A stopwatch was started when 50 cm³ of a 0.20 M sodium thiosulfate solution was poured into a conical flask containing 10 cm³ of 1.0 M HCl solution - Leaving Cert Chemistry - Question 3 - 2010

To prepare 50 cm³ of a 0.12 M sodium thiosulfate solution from a 0.20 M stock solution, the following steps should be taken:

1. Calculate the volume of 0.20 M solution needed using the dilution formula:

   $C_1V_1 = C_2V_2$

   where $C_1 = 0.20$ M, $C_2 = 0.12$ M, and $V_2 = 50$ cm³:

   $V_1 = \frac{C_2V_2}{C_1} = \frac{0.12 \times 50}{0.20} = 30\text{ cm}^3$

2. Measure 30 cm³ of the 0.20 M sodium thiosulfate solution.

3. Add distilled or deionized water to the 30 cm³ solution to make up the final volume to 50 cm³.

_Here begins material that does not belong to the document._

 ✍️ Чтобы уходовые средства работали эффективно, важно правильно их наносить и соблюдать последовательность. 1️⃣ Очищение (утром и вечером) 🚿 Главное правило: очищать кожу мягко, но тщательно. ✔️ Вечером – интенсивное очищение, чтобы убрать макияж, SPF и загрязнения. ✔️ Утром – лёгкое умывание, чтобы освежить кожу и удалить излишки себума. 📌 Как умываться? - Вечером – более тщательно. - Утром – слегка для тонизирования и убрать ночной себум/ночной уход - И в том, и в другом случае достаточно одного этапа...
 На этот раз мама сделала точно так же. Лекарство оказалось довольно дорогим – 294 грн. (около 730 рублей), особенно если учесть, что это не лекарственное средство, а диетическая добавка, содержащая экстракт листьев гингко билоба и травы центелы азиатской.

4. Mix the solution thoroughly.

To plot the graph, use the provided data to create a scatter plot of the concentration (M) versus the reaction rate (1/t, min⁻¹). Ensure that the x-axis is labeled as 'Concentration (M)' and the y-axis as 'Rate (1/t min⁻¹)'. All points should be plotted accurately, and a straight line should connect them to show the trend.

The graph demonstrates a direct proportional relationship between the concentration of sodium thiosulfate and the reaction rate, indicating that as the concentration of sodium thiosulfate increases, the rate of reaction also increases.

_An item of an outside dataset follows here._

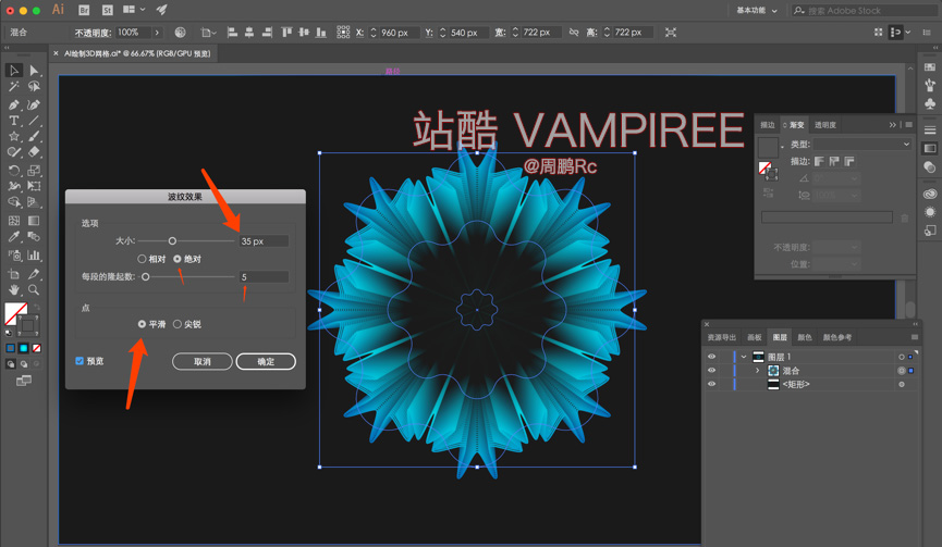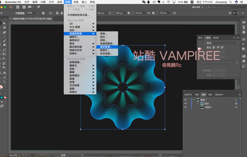 [3]然后选中整体 点击效果-扭曲和变化-波纹效果

To predict the time for the reaction to occur, one can extrapolate from the graph based on the concentration. For 0.20 M sodium thiosulfate, the time taken was recorded at 1.4 minutes, hence if the temperature increases, one could anticipate a shorter reaction time.

The time taken would be expected to decrease as the temperature increases. This is because increasing the temperature generally raises the kinetic energy of the reactant particles, leading to more frequent and effective collisions, thus increasing the reaction rate.